STORED DATA:
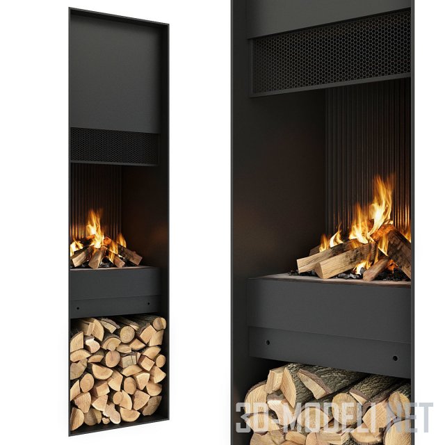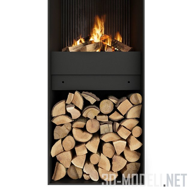 Профессиональная трехмерная модель современного камина с отсеком для хранения дров.
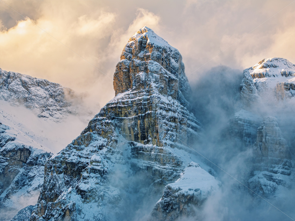 Home » Shop » photo » Aerial drone view of snow on the mountains in the Dolomites, Italy
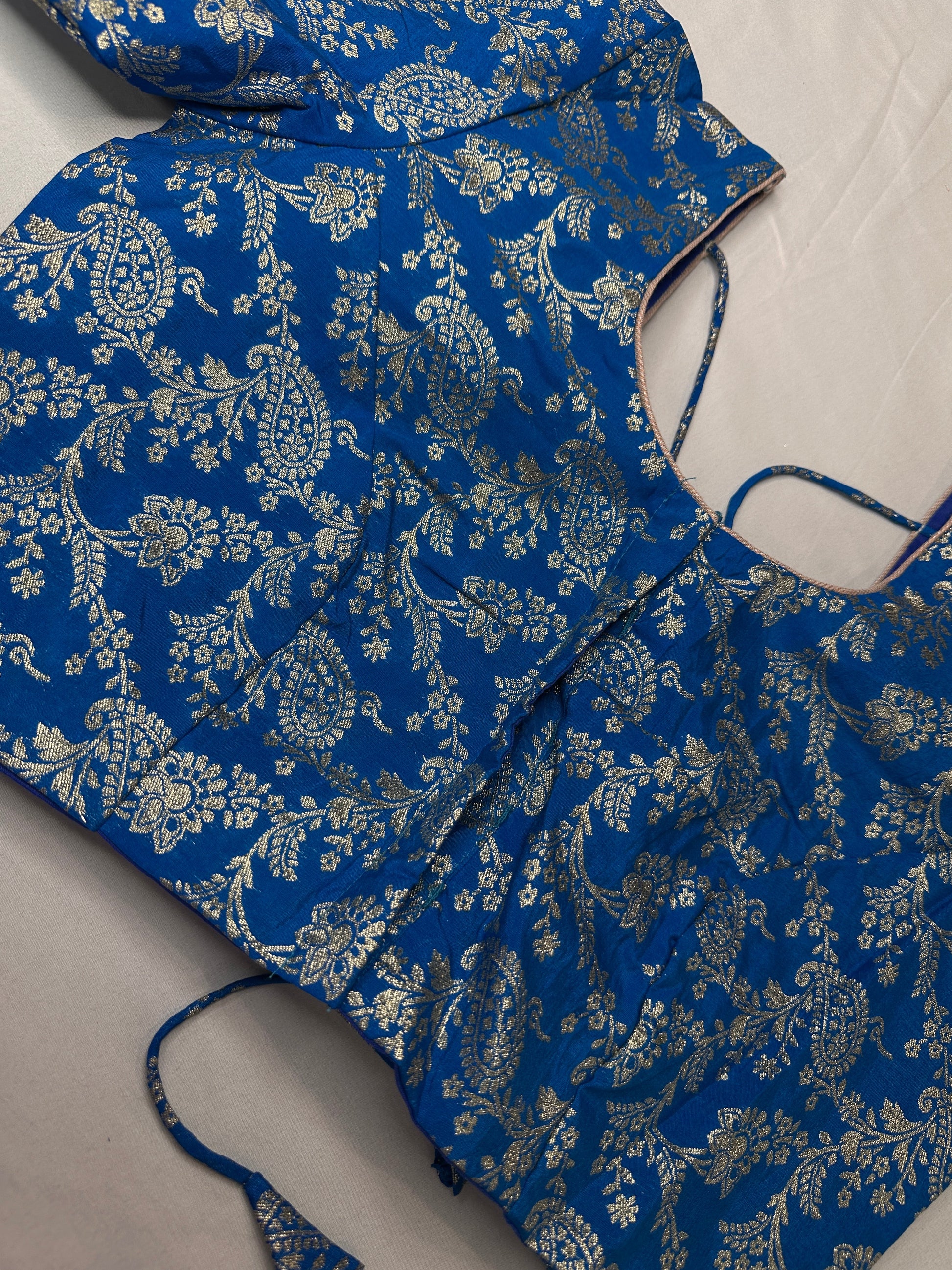 Blouse Details : Blouse Color : Blue; Blouse stitched Size 38 and can be altered from 36 to 46, Sleeves Length : 9.5 Inches, blouse Length 15 Inches, FrontNeck : 7 Inches and Back Neck : 8 Inches;
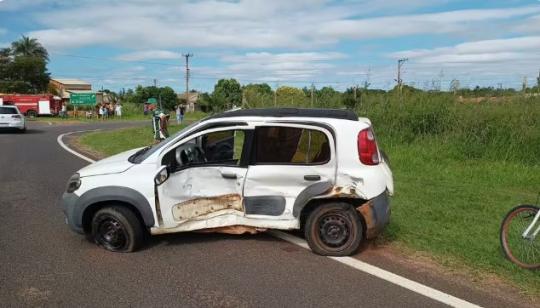 Um carro tentou cruzar a rodovia pelo trevo da cidade sem perceber outro veículo que seguia no sentido oeste, causando a batida.

EXERCISE GOAL:
Repeat, line for line and exactly, the material from its first line through the line that contains "the Dolomites, Italy", both ends included; no pictures belong in the copy.

ANSWER TO THIS TASK:
 Профессиональная трехмерная модель современного камина с отсеком для хранения дров.
 Home » Shop » photo » Aerial drone view of snow on the mountains in the Dolomites, Italy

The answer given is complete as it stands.